Auto-select models (latest per provider):

go run ./cmd/eval -scenario matrix -auto-models

Environment Overrides

These env vars let you align the evals with your infrastructure naming:

EVAL_NODE
EVAL_NODE_CONTAINER
EVAL_DOCKER_HOST
EVAL_HOMEPAGE_CONTAINER
EVAL_JELLYFIN_CONTAINER
EVAL_GRAFANA_CONTAINER
EVAL_HOMEASSISTANT_CONTAINER
EVAL_MQTT_CONTAINER
EVAL_ZIGBEE_CONTAINER
EVAL_FRIGATE_CONTAINER
EVAL_MODEL                  (optional model override)
EVAL_MODEL_PROVIDERS        (optional comma-separated provider filter for auto selection; defaults to openai,anthropic,deepseek,gemini,ollama)
EVAL_MODEL_LIMIT            (optional per-provider limit for auto selection, default 2)
EVAL_MODEL_EXCLUDE_KEYWORDS (optional comma-separated keywords to skip models; default filters image/video/audio, codex, and specific pre-release IDs like openai:gpt-5.2-pro until chat support is live; set to "none" to disable)

Write/verify and strict-resolution controls:

EVAL_WRITE_HOST              (defaults to EVAL_NODE)
EVAL_WRITE_COMMAND           (defaults to "true")
EVAL_REQUIRE_WRITE_VERIFY    (set to 1 to assert pulse_control -> pulse_read)
EVAL_STRICT_RESOLUTION       (set to 1 to expect STRICT_RESOLUTION block)
EVAL_REQUIRE_STRICT_RECOVERY (set to 1 to require pulse_query -> pulse_control)
EVAL_EXPECT_APPROVAL         (set to 1 to assert approval_needed event)

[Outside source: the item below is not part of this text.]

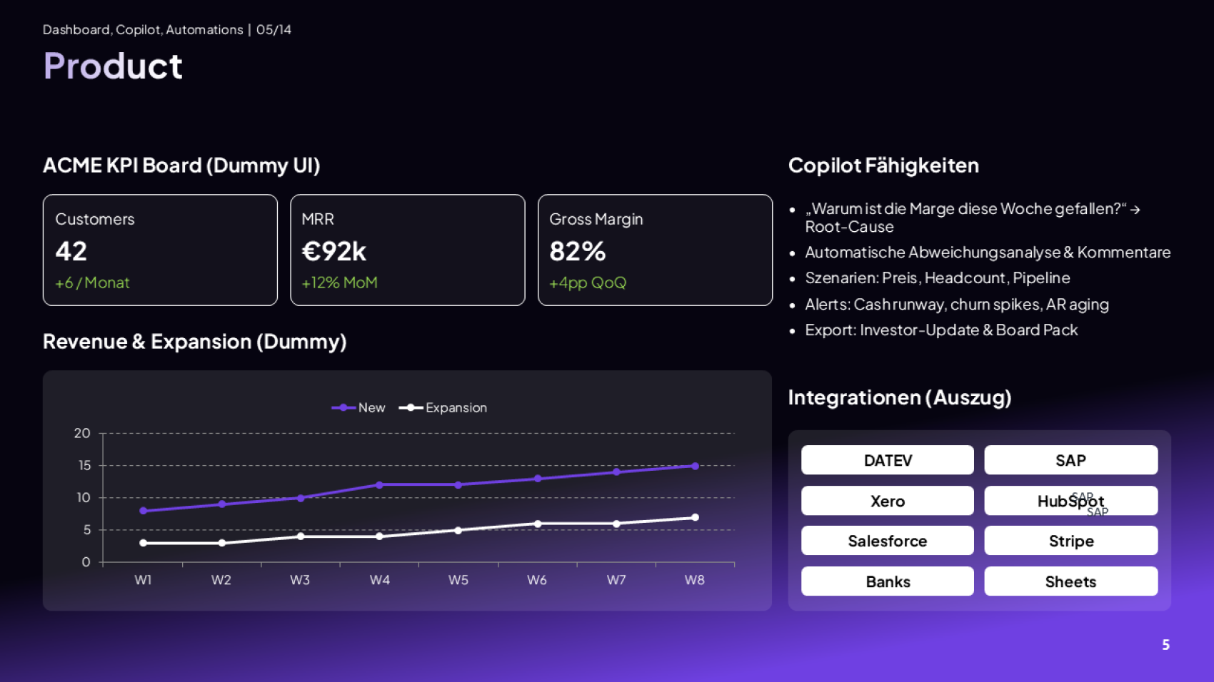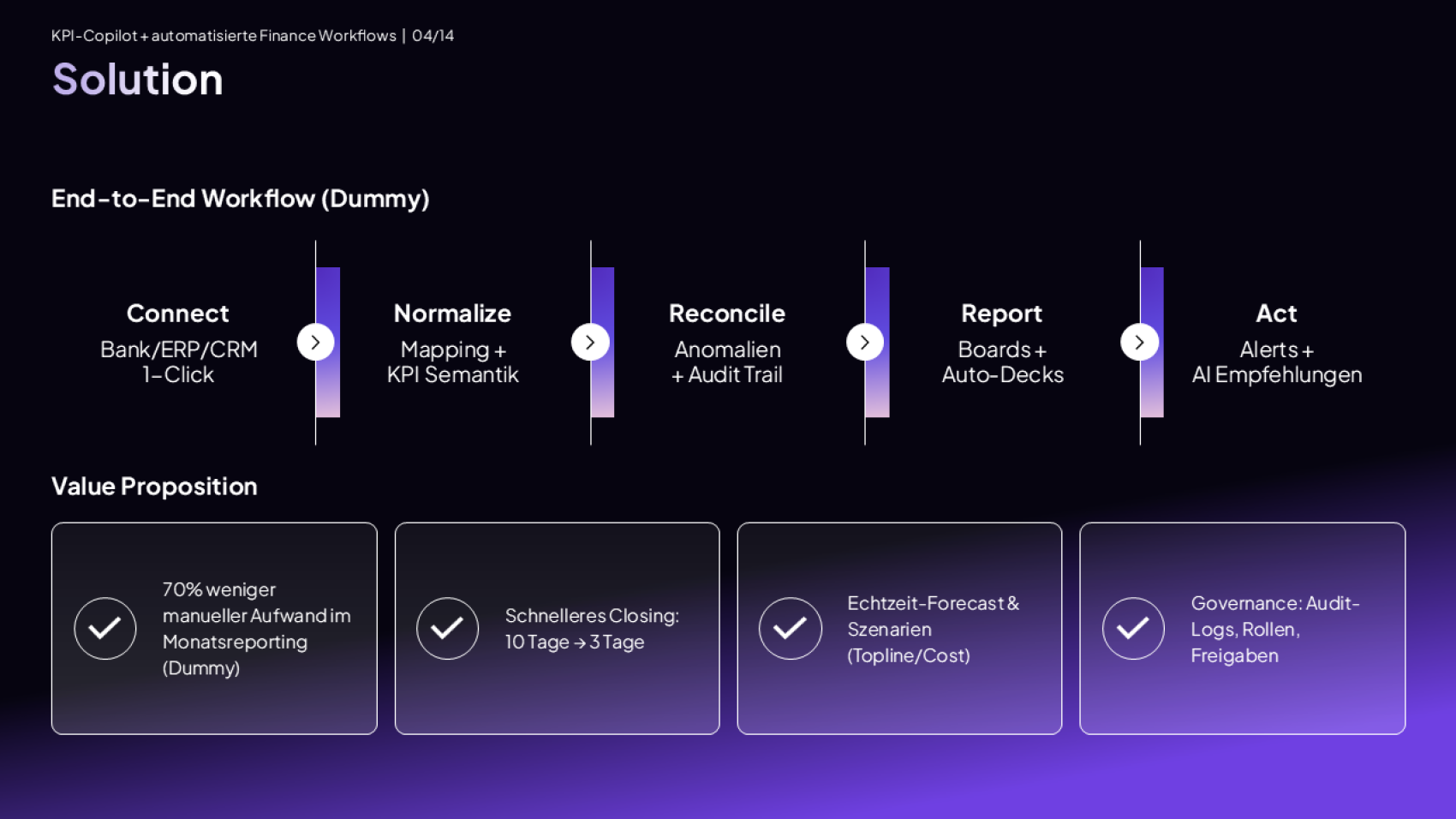 Wir designen Pitch Decks, Board Reports, Demo- und Sales-Slides für Startups & Tech Companies – schnell, konsistent, editierbar. Von Seed bis IPO.

Retry controls and reports:

EVAL_HTTP_TIMEOUT           (seconds, default 300)
EVAL_STEP_RETRIES            (default 2)
EVAL_RETRY_ON_PHANTOM        (default 1)
EVAL_RETRY_ON_EXPLICIT_TOOL  (default 1)
EVAL_RETRY_ON_STREAM_FAILURE (default 1)
EVAL_RETRY_ON_EMPTY_RESPONSE (default 1)
EVAL_RETRY_ON_TOOL_ERRORS    (default 1)
EVAL_RETRY_ON_RATE_LIMIT     (default 0)
EVAL_RATE_LIMIT_COOLDOWN     (seconds, optional backoff before retry)
EVAL_PREFLIGHT              (set to 1 to run a quick chat preflight)
EVAL_PREFLIGHT_TIMEOUT       (seconds, default 15)
EVAL_REPORT_DIR              (write JSON report per scenario)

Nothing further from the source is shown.